▸ TASK STATEMENT
For the listing below, the answer is an exact retyping of the lines from the one with "Avena 51%, dátil 31%, avellana 10%, cacao 8%" through the one with "保証付き 保証内容(メーカー保証) ---ヶ月または()千kmまで |", both included, without pictures.

▸ GIVEN DATA
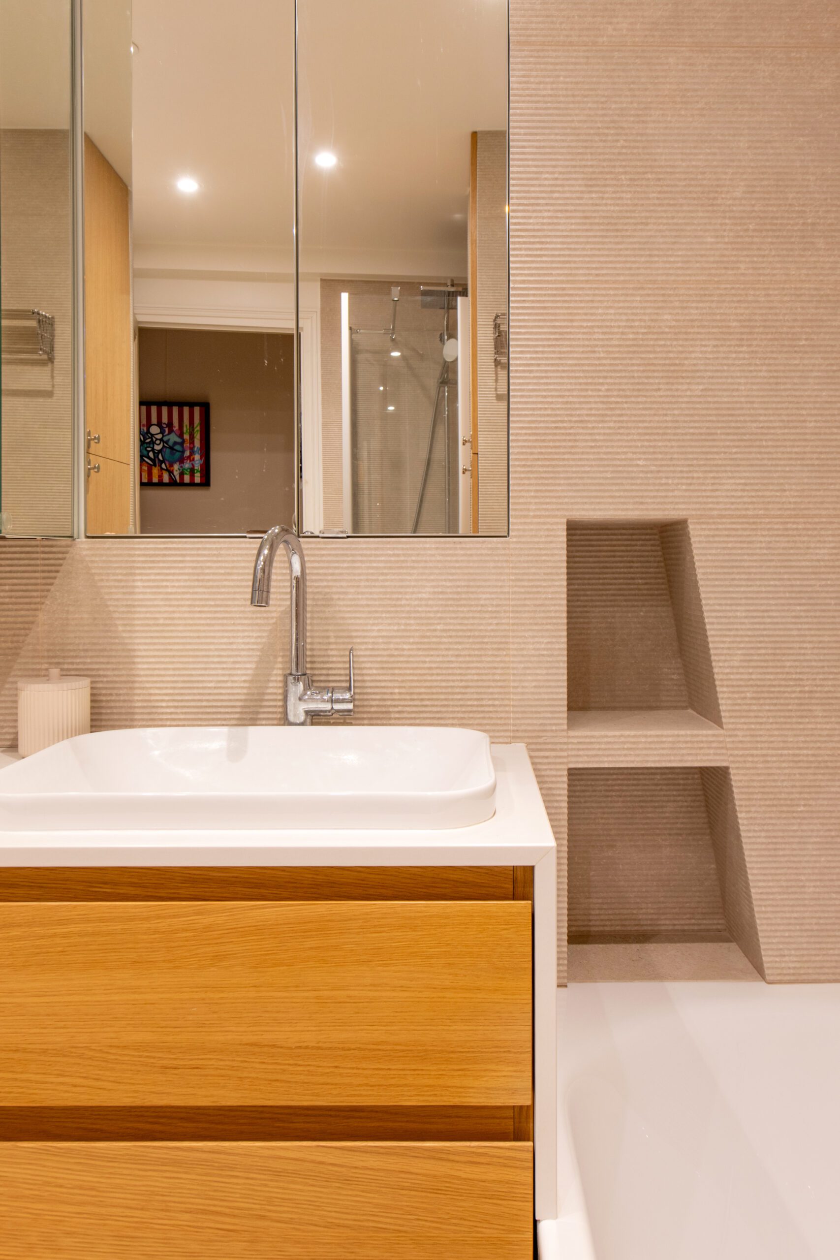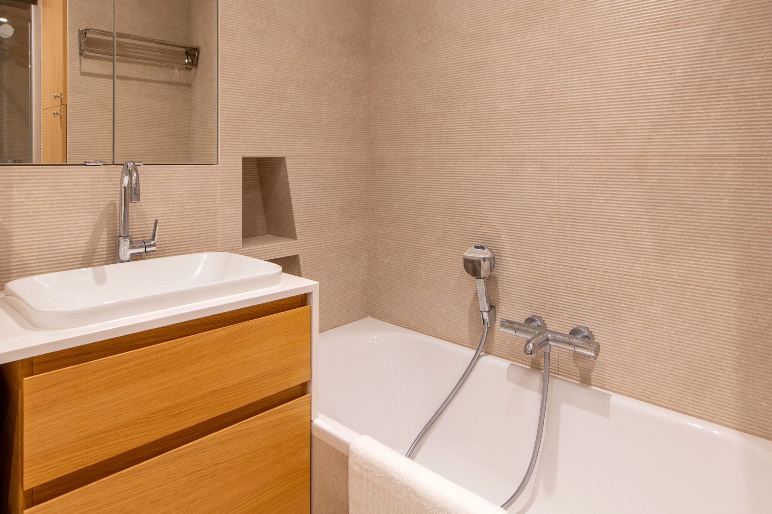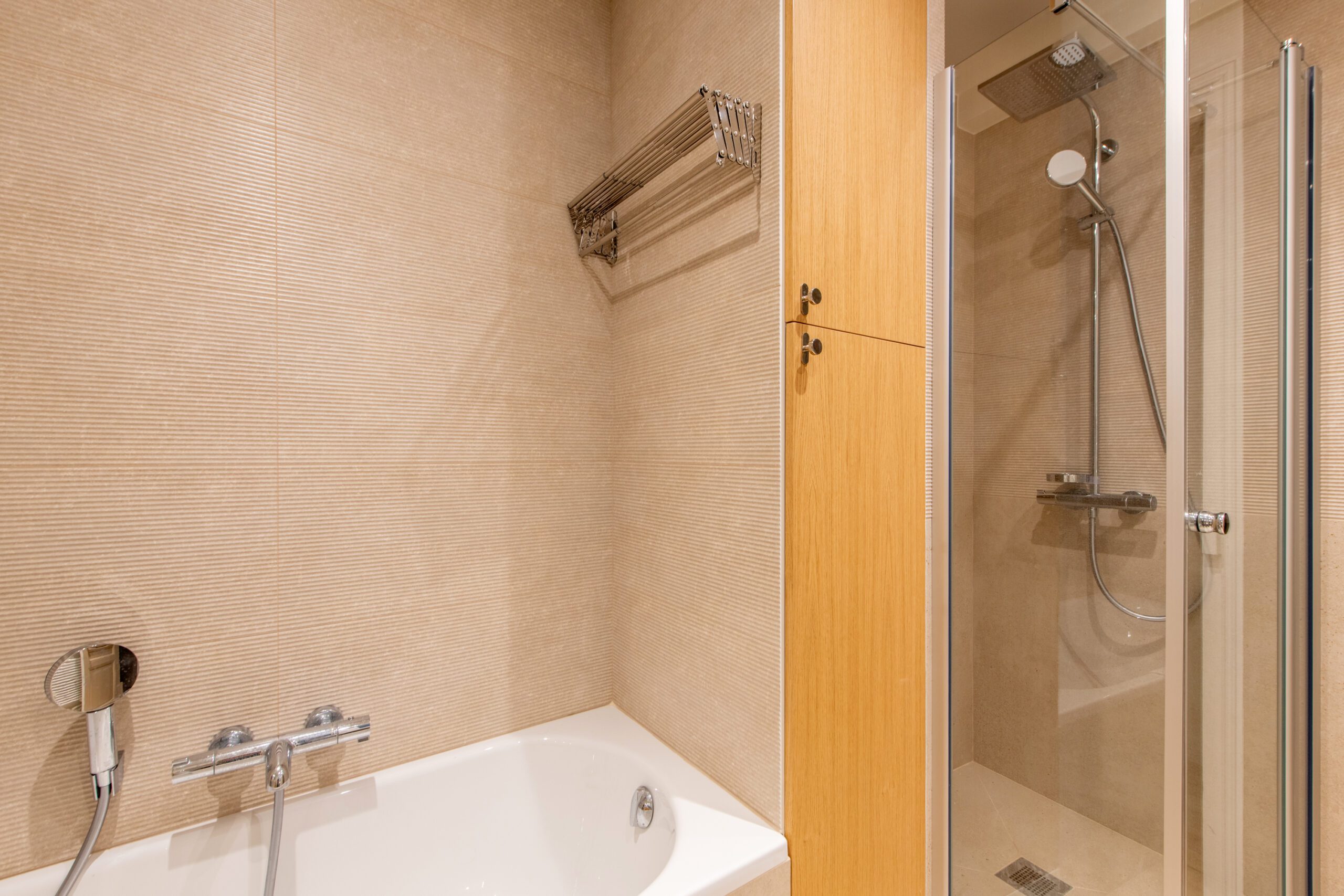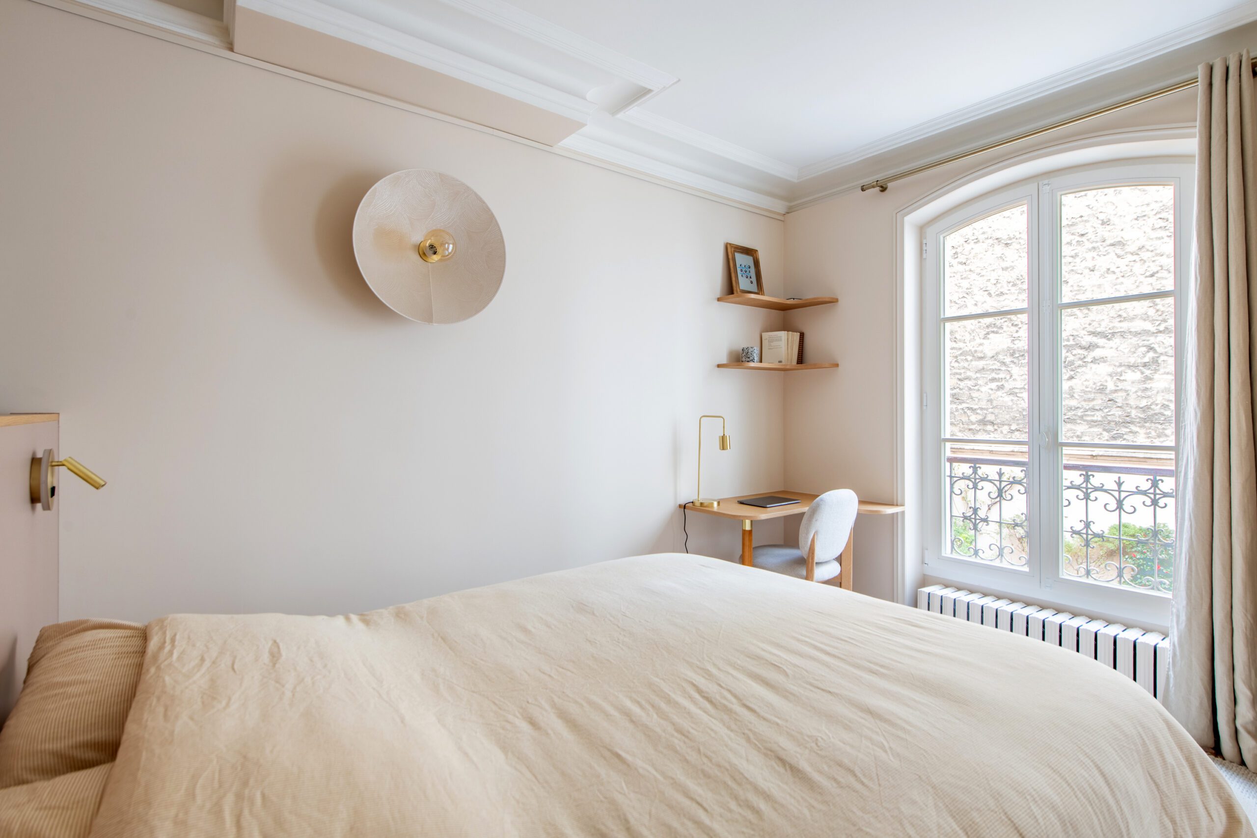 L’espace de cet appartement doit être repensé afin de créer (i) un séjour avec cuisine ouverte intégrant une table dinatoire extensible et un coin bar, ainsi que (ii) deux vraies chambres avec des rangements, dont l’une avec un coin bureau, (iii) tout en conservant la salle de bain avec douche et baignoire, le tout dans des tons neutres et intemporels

...

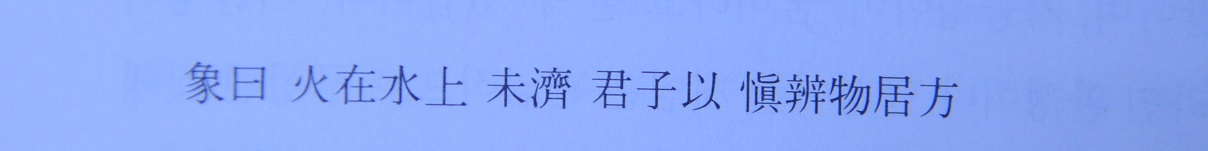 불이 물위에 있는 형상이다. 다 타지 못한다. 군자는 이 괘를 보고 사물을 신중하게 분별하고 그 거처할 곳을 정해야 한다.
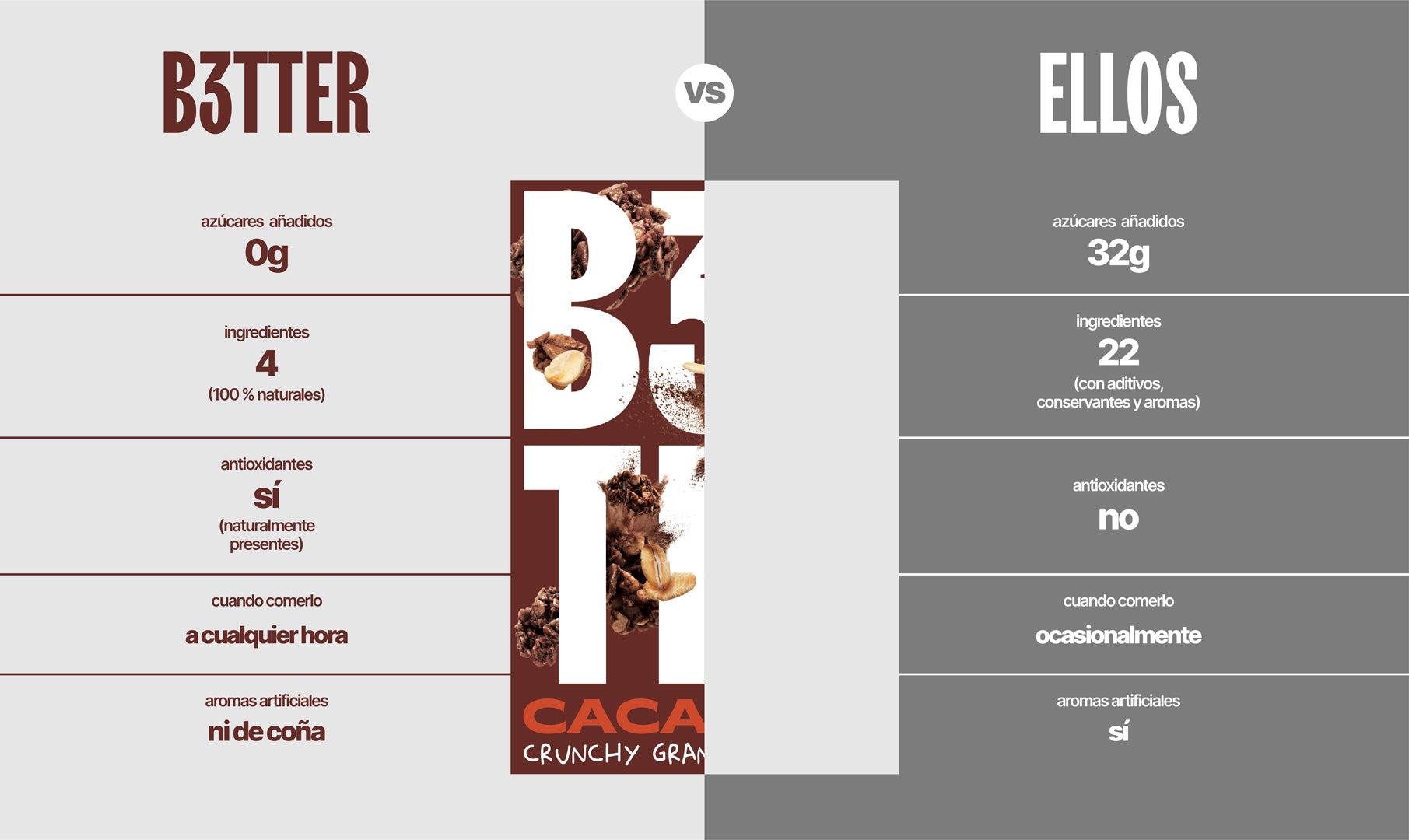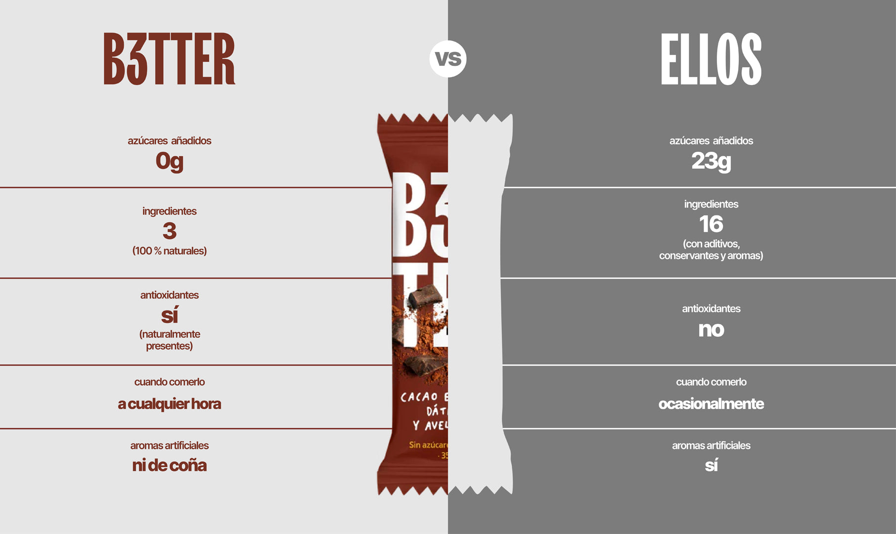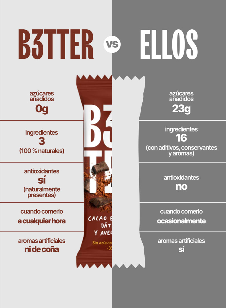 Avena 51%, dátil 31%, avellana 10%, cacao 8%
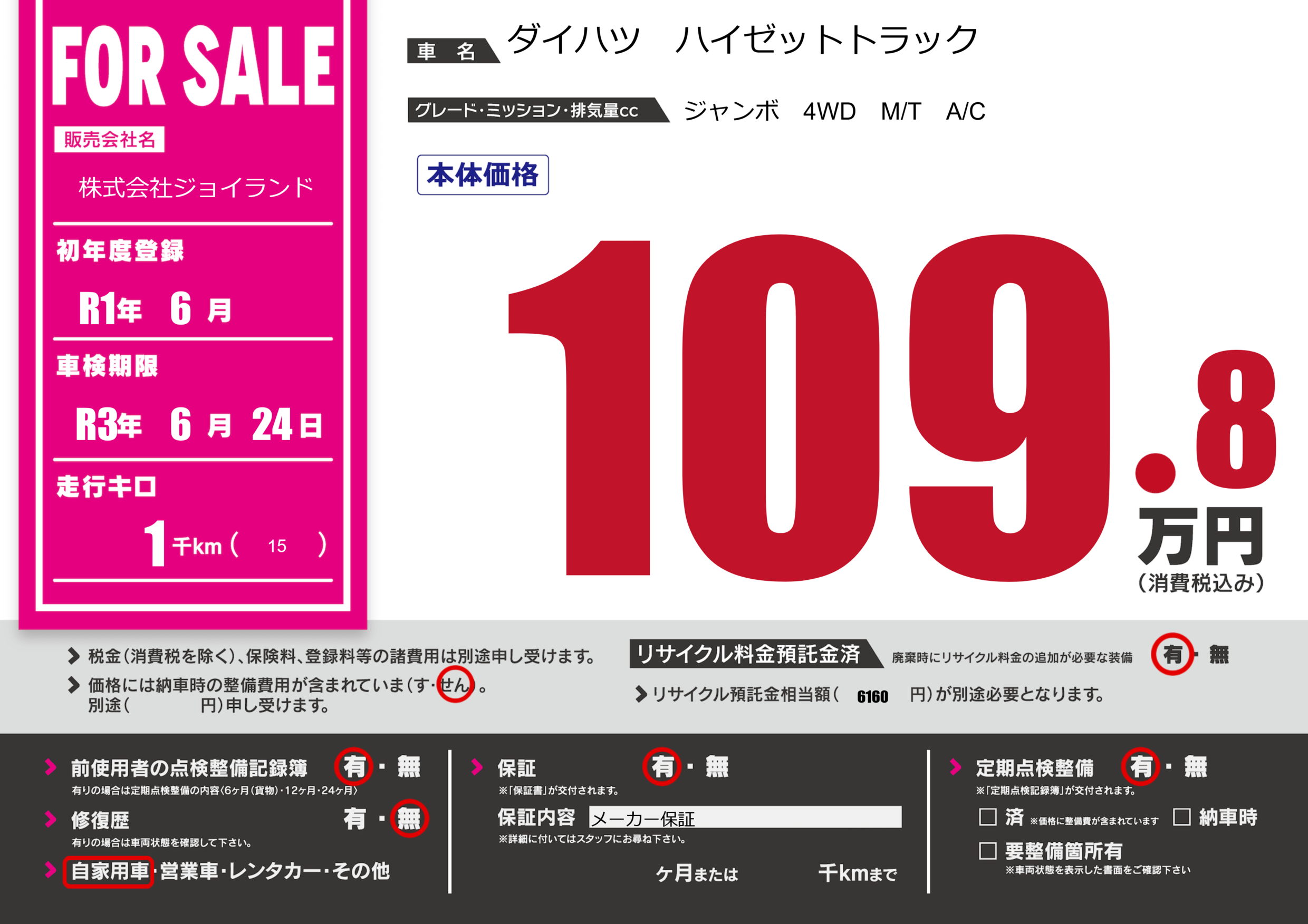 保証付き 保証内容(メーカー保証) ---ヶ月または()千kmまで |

* * *

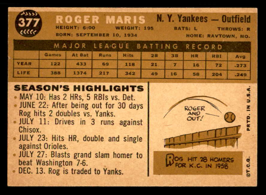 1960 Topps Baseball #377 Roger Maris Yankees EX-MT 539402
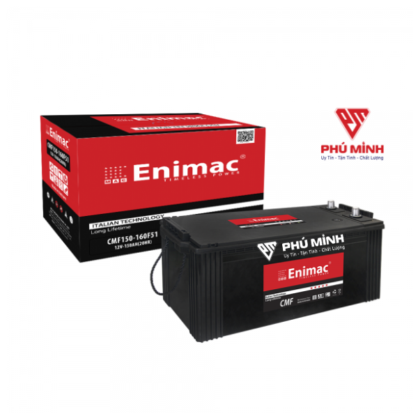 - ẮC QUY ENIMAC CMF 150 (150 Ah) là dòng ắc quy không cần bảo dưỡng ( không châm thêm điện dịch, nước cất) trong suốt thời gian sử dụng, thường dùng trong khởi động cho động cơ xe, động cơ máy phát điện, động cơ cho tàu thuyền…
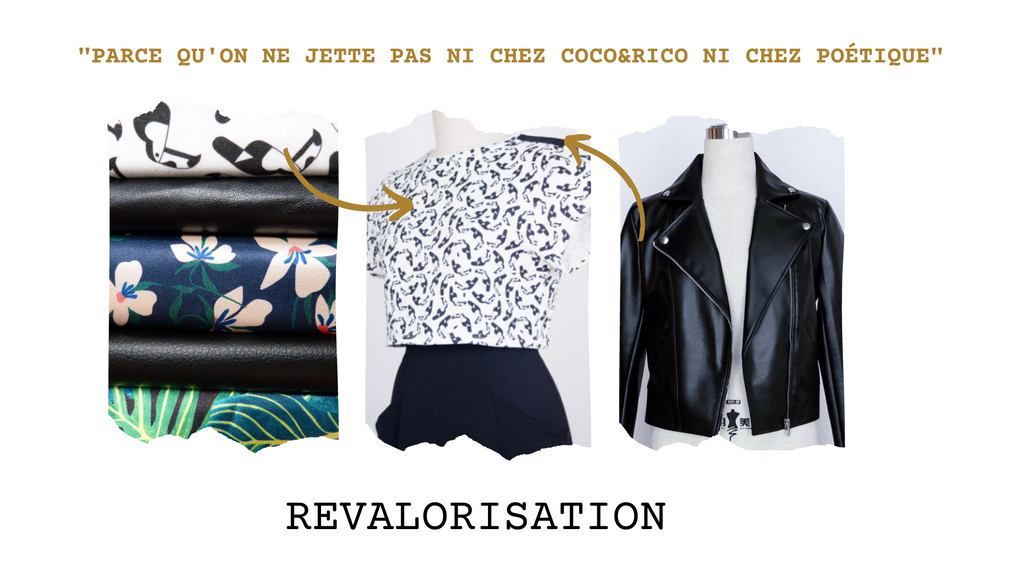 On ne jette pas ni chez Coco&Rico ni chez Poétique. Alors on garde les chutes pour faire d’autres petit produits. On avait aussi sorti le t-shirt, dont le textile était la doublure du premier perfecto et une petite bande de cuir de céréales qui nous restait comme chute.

▸ OUTPUT FOR THIS TASK
 Avena 51%, dátil 31%, avellana 10%, cacao 8%
 保証付き 保証内容(メーカー保証) ---ヶ月または()千kmまで |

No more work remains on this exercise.